» Task to complete
What you return must be exactly the lines from the beginning of the material through the line containing "Elementos de tránsito", both included, and no pictures.

» Data shown
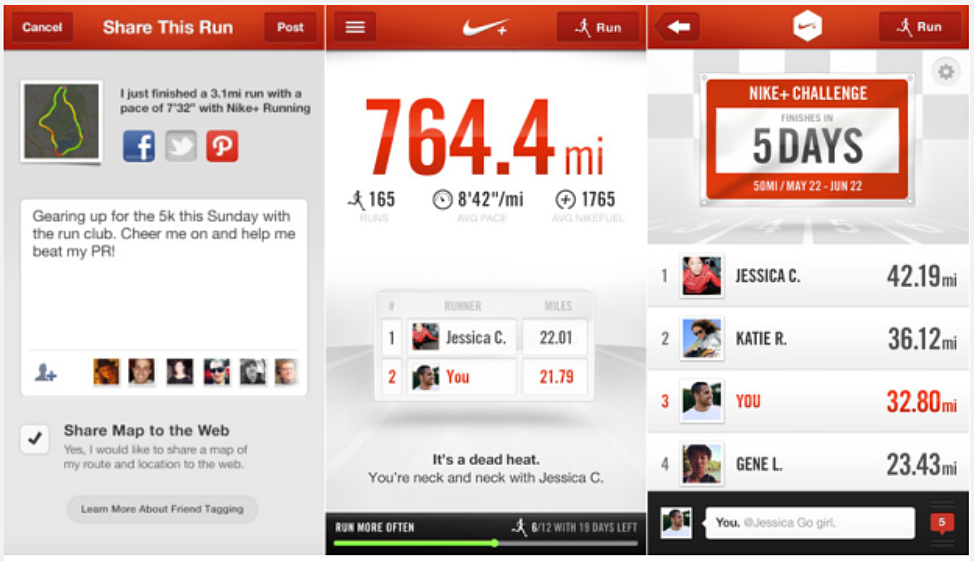 Ova aplikacija razlikuje se od ostalih najprije zbog toga što možete izazvati svoje prijatelje da istrče određenu kilometražu ili se možete natjecati protiv svojih prijatelja po broju pretrčanih kilometara. Klasično, aplikacija mjeri vrijeme, udaljenost i tempo trčanja.
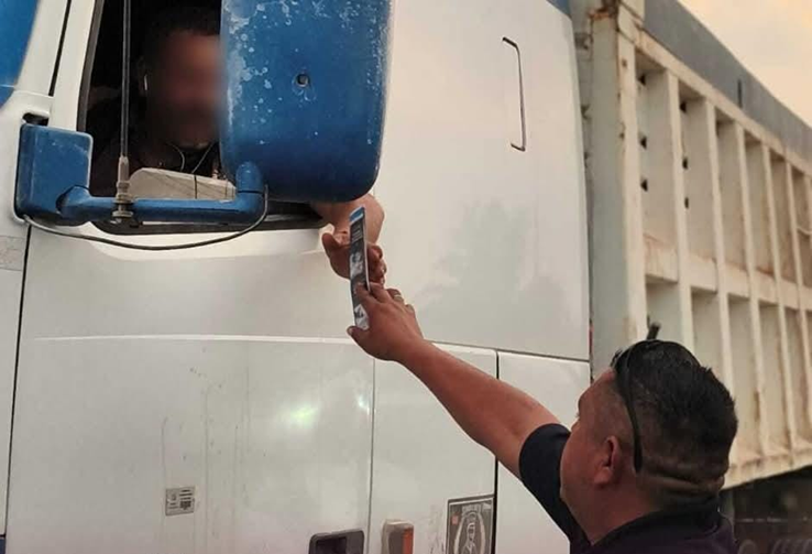 Elementos de tránsito salieron a las calles y reparten infografías a conductores promoviendo recomendaciones clave al ir frente a un volante.
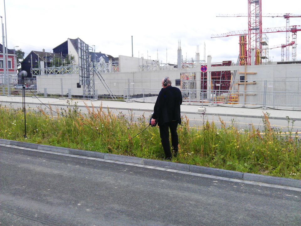 During the summer of 2013, project leader Jan Schacher travelled to Mülheim on five different occasions, with stays lasting between three to five days, to carry out the project with project partners Cathy van Eck, Kirsten Reese, and Trond Lossius. The choice of these collaborators was motivated by an interest in their individual practices; nevertheless, although all three collaborations deal with sound and public spaces, each represents its own clearly defined focus. And instead of setting up a group process where the collaborations and interactions would occur within the whole group, the choice was made to engage in pairs, thus creating a more detailed perspective on one topic at a time and enabling personal exchange and dialogue. Originally the idea was to mix the three practices with the fourth practice by the project leader, but it rapidly became evident that this was not necessary.

» Your response
 Ova aplikacija razlikuje se od ostalih najprije zbog toga što možete izazvati svoje prijatelje da istrče određenu kilometražu ili se možete natjecati protiv svojih prijatelja po broju pretrčanih kilometara. Klasično, aplikacija mjeri vrijeme, udaljenost i tempo trčanja.
 Elementos de tránsito salieron a las calles y reparten infografías a conductores promoviendo recomendaciones clave al ir frente a un volante.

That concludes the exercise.